● **WORK REQUEST**: Return every line of the records, exact and in full, until you have returned the line with "golden ratio, Fibonacci", and include none of the pictures.

[Extracted data entries]
◇ ◇ ◇ ◇ ◇
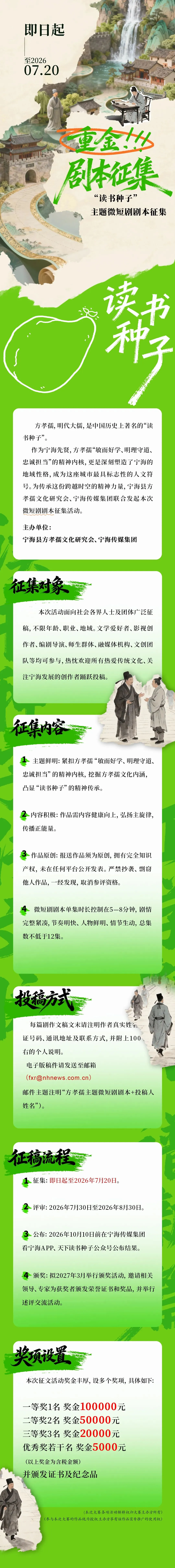 >最高10万元!“读书种子”主题微短剧剧本征集,一起头脑风暴吧
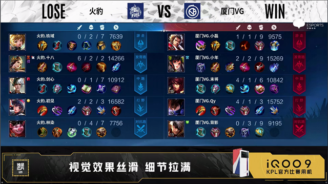 第四局开局厦门VG中路、发育路换线。2分12秒厦门VG拿下暴君。2分46秒厦门VG中路击杀孙膑拿下一血。3分46秒火豹发育路击杀孙尚香。4分23秒厦门VG野区击杀猪八戒。5分钟厦门VG河道处击杀娜可露露。5分31秒厦门VG拿下先知主宰。5分49秒厦门VG摧毁敌方发育路外塔。5分55秒厦门VG摧毁敌方对抗路外塔。6分40秒野区团双方1换1,随后厦门VG摧毁敌方中路外塔。7分34秒厦门VG拿下暴君。8分02秒厦门VG摧毁敌方对抗路二塔。9分01秒厦门VG摧毁敌方发育路二塔。9分08秒火豹摧毁敌方对抗路外塔。9分42秒厦门VG拿下主宰。10分22秒厦门VG拿下暗影主宰。10分31秒厦门VG拿下暗影暴君。11分30秒厦门VG高地处击杀猪八戒,随后摧毁敌方对抗路高地塔。13分01秒厦门VG摧毁敌方发育路高地塔。14分12秒厦门VG拿下暗影主宰。14分23秒厦门VG拿下暗影暴君。14分46秒厦门VG摧毁敌方中路二塔。15分钟厦门VG摧毁敌方中路高地塔。15分05秒高地团火豹打出2换5团灭对手,虞姬拿下三连决胜。16分38秒火豹摧毁敌方发育路外塔。17分52秒厦门VG拿下暗影主宰。19分17秒厦门VG拿下暗影暴君。19分30秒对抗路团厦门VG打出0换2。20分钟高地团厦门VG打出0换2。20分10秒厦门VG摧毁水晶拿下比赛。
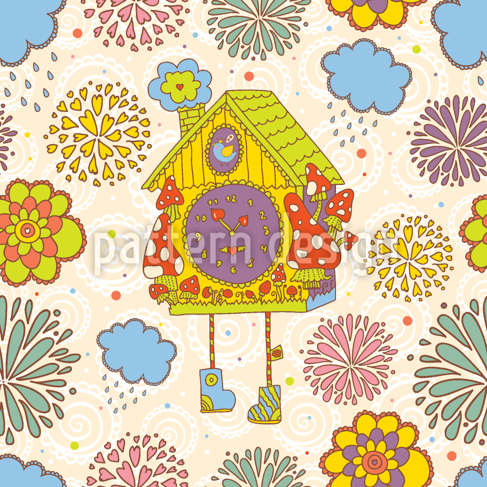 Guguk Kuşu Saat Dikişsiz Vektör Desen Tasarımı
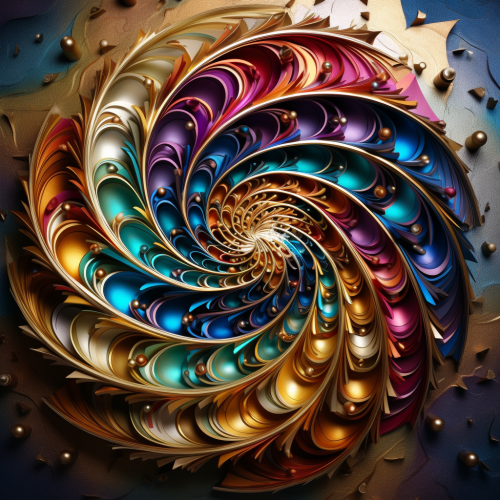 golden ratio, Fibonacci spiral, spray, waves, multi coloured 3D florescent art.
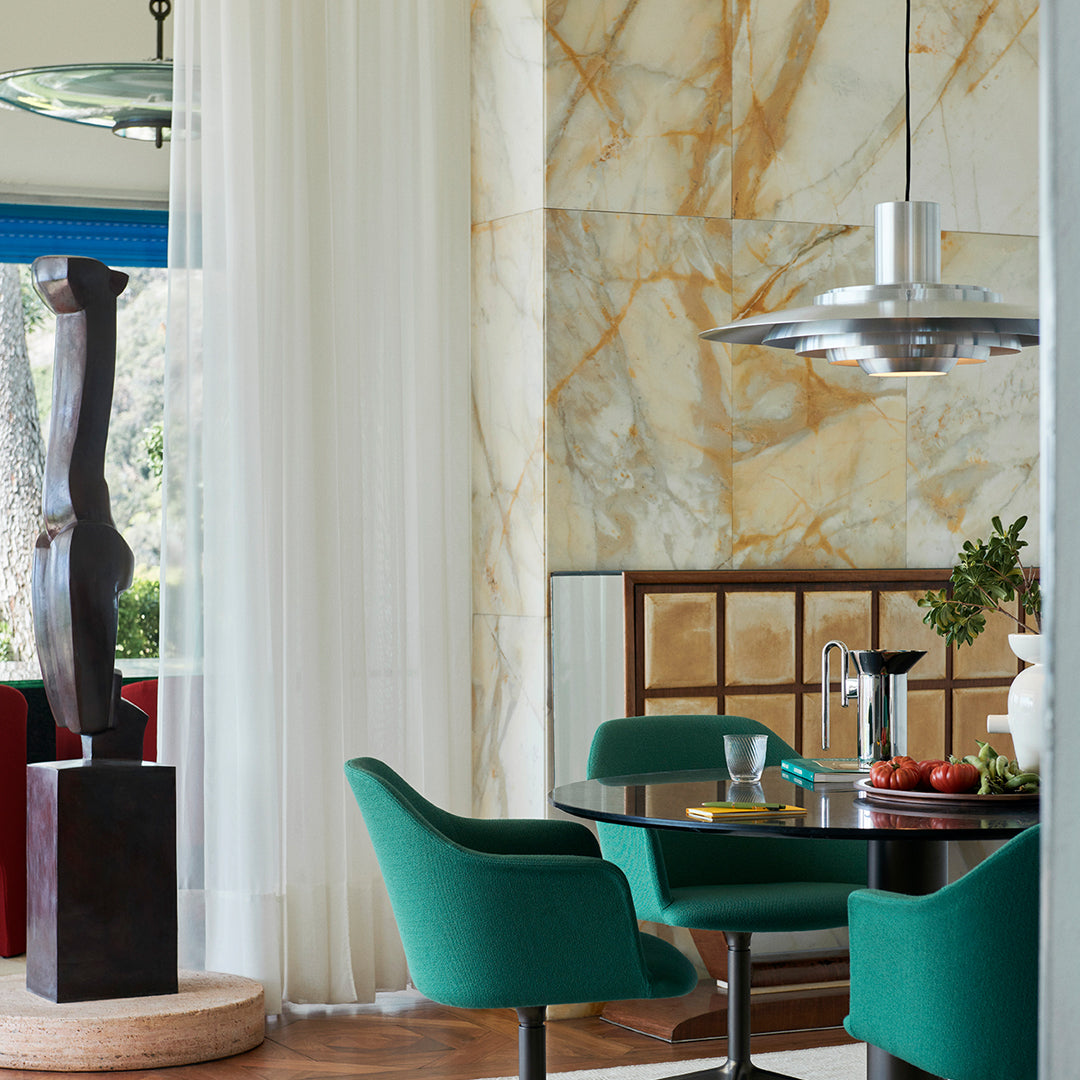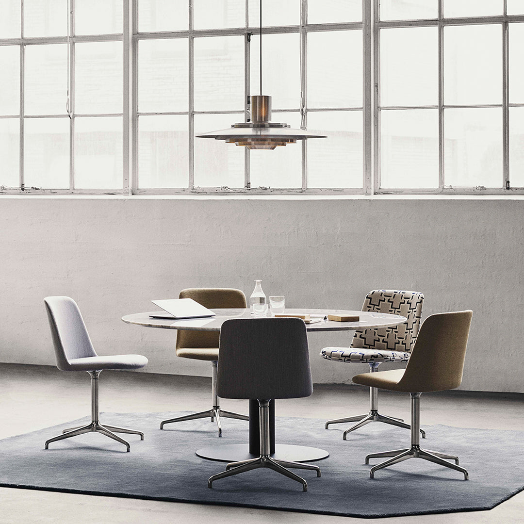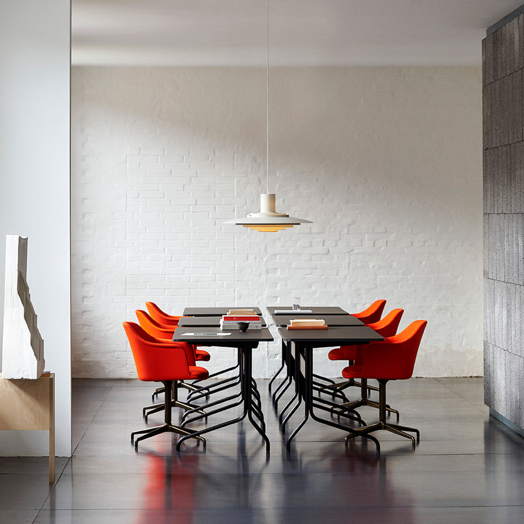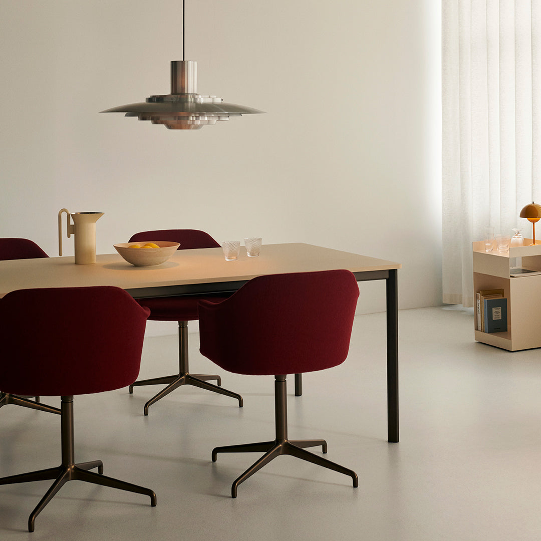 Kastholm & Fabricius étaient des architectes danois dont le travail a influencé l'esthétique emblématique du modernisme danois. Kastholm a combiné son expérience de forgeron avec celle de Fabricus, ébéniste de formation, pour créer des pièces sculpturales originales qui séduisent un public international. La nouvelle version de la suspension P376 de &Tradition rend hommage à son design original de 1963, avec ses cinq abat-jour concentriques discrètement placés en dessous, qui s'incurvent doucement vers le centre pour diffuser une lumière douce et diffuse. Disponible en aluminium pur ou en blanc, et en deux tailles : KF1 (47,5 cm de diamètre) et KF2 (70 cm de diamètre). Profitez d'un style à la fois classique et résolument contemporain. Élégant et sophistiqué, il évoque l'architecture.
◇ ◇ ◇ ◇ ◇
● **EXERCISE RESPONSE**:
 >最高10万元!“读书种子”主题微短剧剧本征集,一起头脑风暴吧
 第四局开局厦门VG中路、发育路换线。2分12秒厦门VG拿下暴君。2分46秒厦门VG中路击杀孙膑拿下一血。3分46秒火豹发育路击杀孙尚香。4分23秒厦门VG野区击杀猪八戒。5分钟厦门VG河道处击杀娜可露露。5分31秒厦门VG拿下先知主宰。5分49秒厦门VG摧毁敌方发育路外塔。5分55秒厦门VG摧毁敌方对抗路外塔。6分40秒野区团双方1换1,随后厦门VG摧毁敌方中路外塔。7分34秒厦门VG拿下暴君。8分02秒厦门VG摧毁敌方对抗路二塔。9分01秒厦门VG摧毁敌方发育路二塔。9分08秒火豹摧毁敌方对抗路外塔。9分42秒厦门VG拿下主宰。10分22秒厦门VG拿下暗影主宰。10分31秒厦门VG拿下暗影暴君。11分30秒厦门VG高地处击杀猪八戒,随后摧毁敌方对抗路高地塔。13分01秒厦门VG摧毁敌方发育路高地塔。14分12秒厦门VG拿下暗影主宰。14分23秒厦门VG拿下暗影暴君。14分46秒厦门VG摧毁敌方中路二塔。15分钟厦门VG摧毁敌方中路高地塔。15分05秒高地团火豹打出2换5团灭对手,虞姬拿下三连决胜。16分38秒火豹摧毁敌方发育路外塔。17分52秒厦门VG拿下暗影主宰。19分17秒厦门VG拿下暗影暴君。19分30秒对抗路团厦门VG打出0换2。20分钟高地团厦门VG打出0换2。20分10秒厦门VG摧毁水晶拿下比赛。
 Guguk Kuşu Saat Dikişsiz Vektör Desen Tasarımı
 golden ratio, Fibonacci spiral, spray, waves, multi coloured 3D florescent art.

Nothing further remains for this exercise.